Mediatophore, a protein supporting quantal acetylcholine release

Abstract

After having reconstituted in artificial membranes the calcium-dependent acetylcholine release step, and shown that essential properties of the mechanism were preserved, we purified from Torpedo electric organ nerve terminals a protein, the mediatophore, able to release acetylcholine upon calcium action. A plasmid encoding for Torpedo mediatophore was introduced into cells deficient for acetylcholine release and for the expression of the cholinergic genomic locus defined by the co-regulated choline acetyltransferase and vesicular transporter genes. The transfected cells became able to release acetylcholine in response to a calcium influx in the form of quanta.
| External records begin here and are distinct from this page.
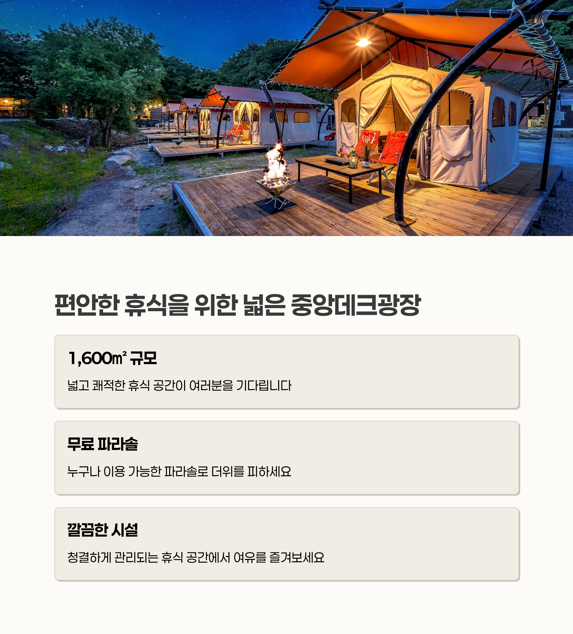 백운계곡의 중앙에는 약 1,600㎡ 규모의 데크 광장이 있어 더운 날씨에도 그늘에서 쾌적한 휴식을 취할 수 있습니다. 특히 광장에는 무료로 사용할 수 있는 파라솔이 설치되어 돗자리 하나면 누구나 손쉽게 쉴 수 있는 피서지가 됩니다. 파라솔 아래서 보내는 여유로운 시간과 계곡물에 발 담그는 기분은 도시에서의 스트레스를 단번에 날려줄 만큼 만족스럽습니다. 또한 인근에 매점, 식당, 화장실 등 기본 편의시설도 갖추어져 있어 하루 종일 머물기에도 불편함이 없습니다.
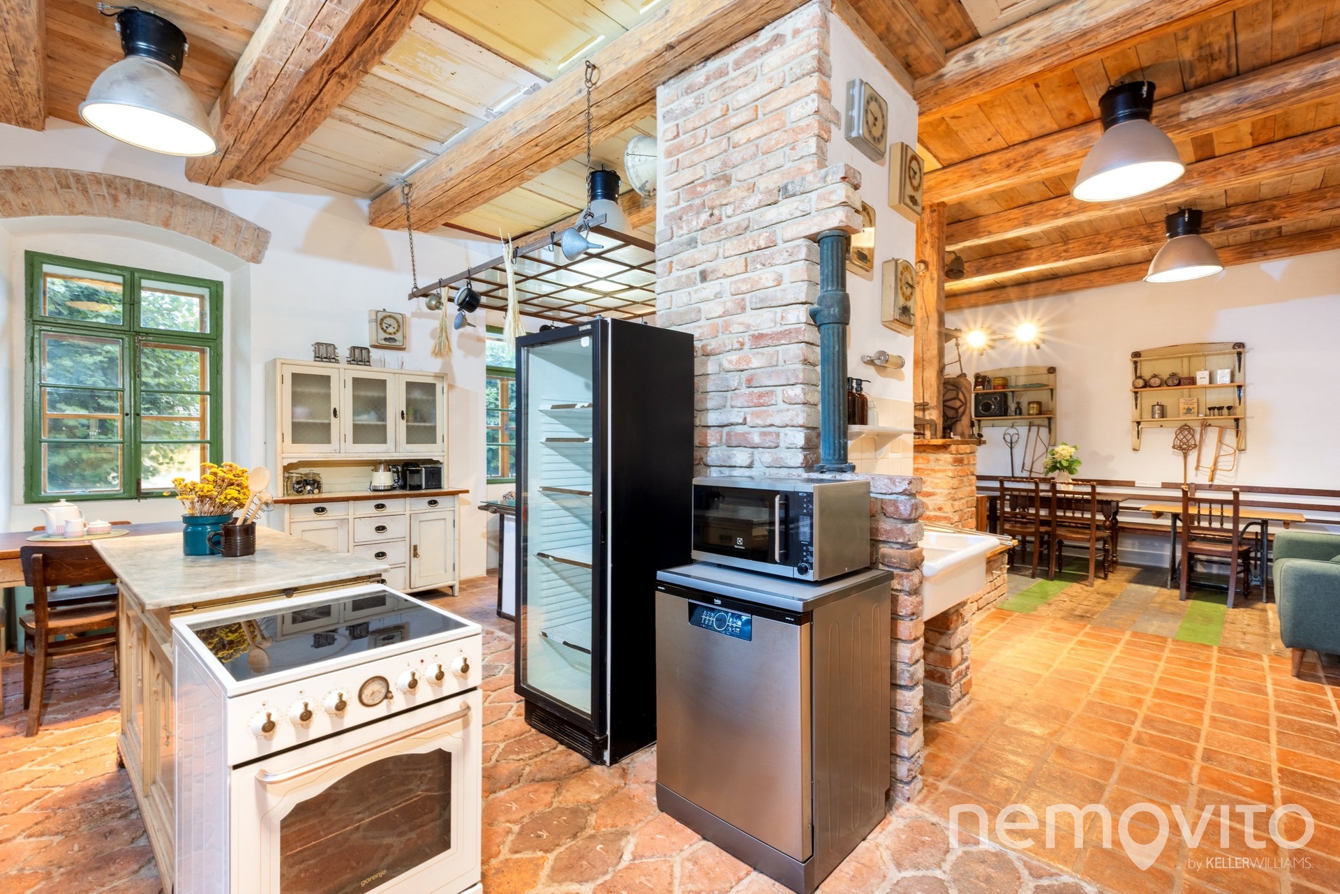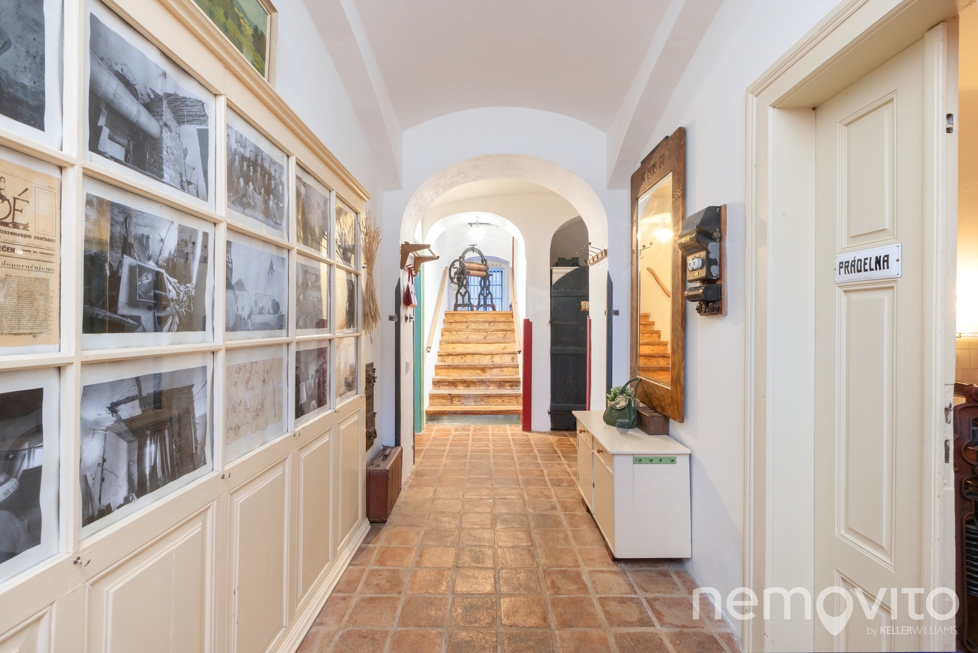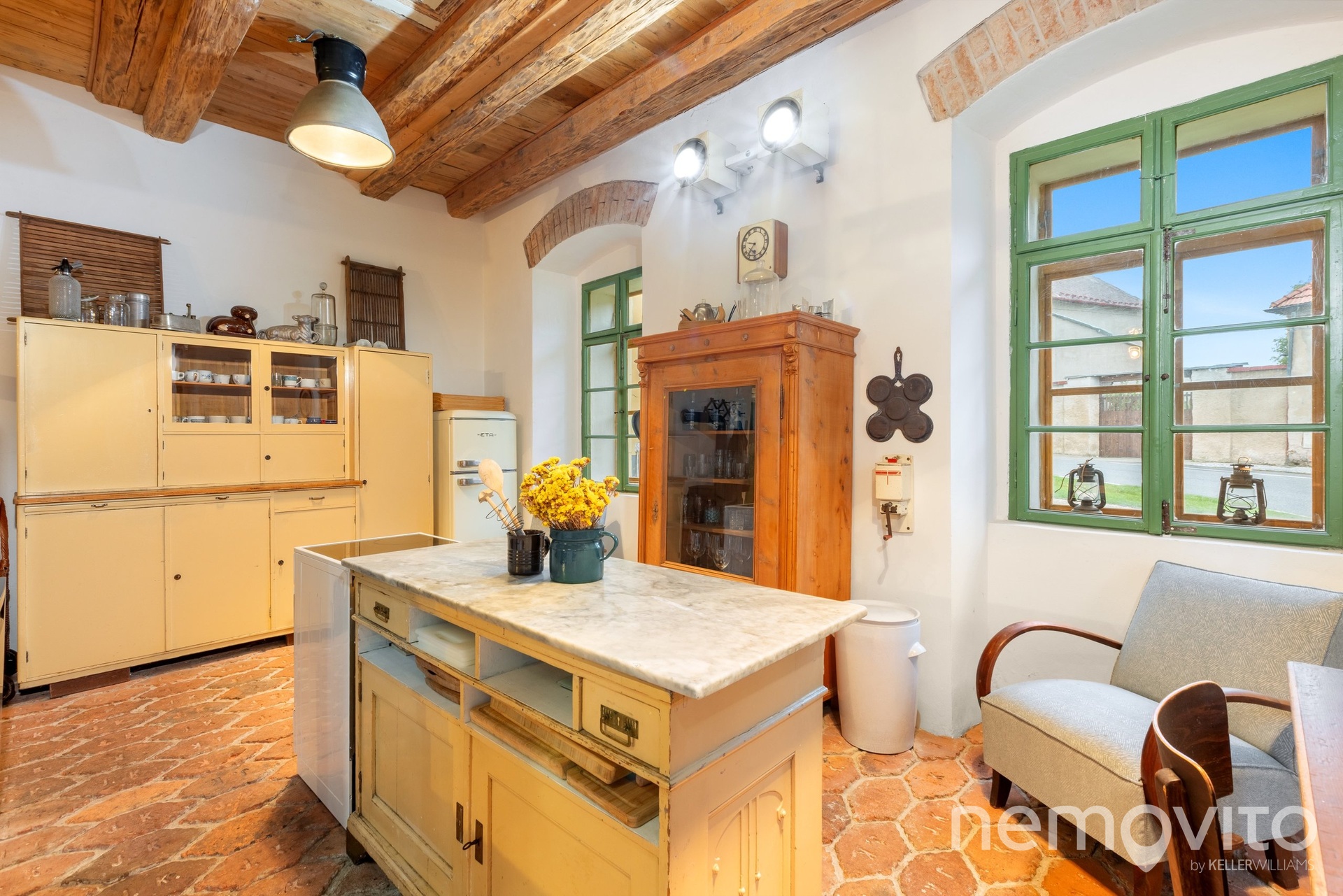 Hlavní část prvního podlaží tvoří velká společenská místnost s vysokým stropem. Její plocha je 65 m2 a kapacitně je s penzionem řešena tak, aby pohodlně pojmula 25 hostů. V hlavní místnosti je jídelní, kuchyňská a společenská část. Dřevo, cihly, kamna, původní okna a dveře - vše tak jak má být, pokud vy nebo vaši hosté hledají prostor, kde by se poctivá atmosféra starých časů dala i krájet. Nebo popíjet, což ostatně umožňuje malý vinný sklípek pod domem.
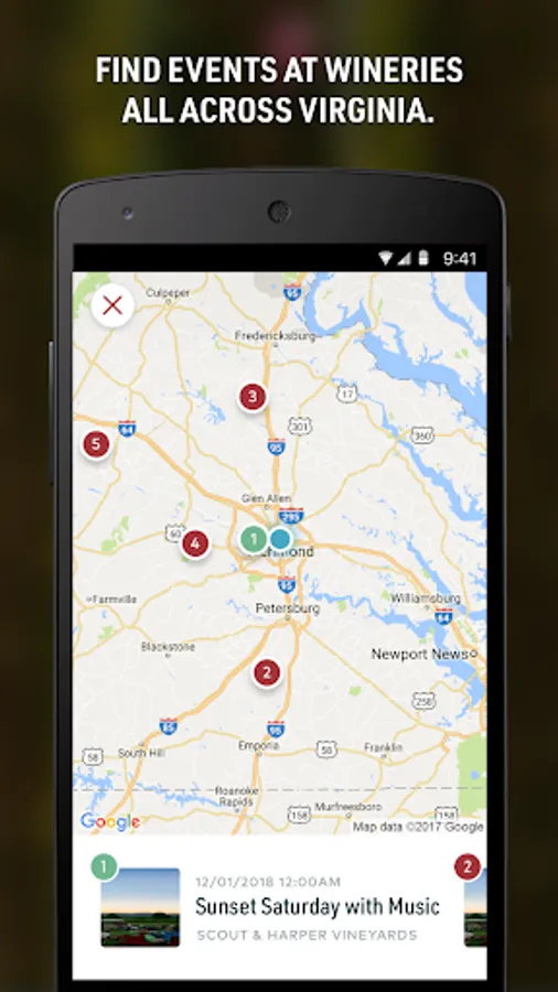 - Get notified of upcoming events from your favorite Virginia Wineries.
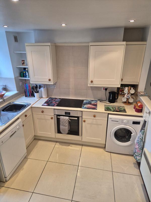 The lounge is furnished with two sofas, a tv with freesat and a DVD player. Heating is provided by electric radiators. The lounge goes through to an open plan kitchen area that is fully equipped with pots, pans, crockery, cutlery and other kitchen utensils. There is an electric oven and hob, dishwasher, fridge, washing machine, microwave, toaster, kettle and slow cooker. There is a fold down table with 4 seats.

The cells had to be loaded with acetylcholine since they did not synthesize it, and without transporter they could not concentrate it in vesicles. We may then attribute the observed quanta to mediatophores. We know from previous works that like the release mechanism, mediatophore is activated at high calcium concentrations and desensitized at low calcium concentrations. Therefore only the mediatophores localized within the calcium microdomain would be activated synchronously. Synaptic vesicles have been shown to take up calcium and those of the active zone are well situated to control the diffusion of the calcium microdomain and consequently the synchronization of mediatophores. If this was the case, synchronization of mediatophores would depend on vesicular docking and on proteins ensuring this process.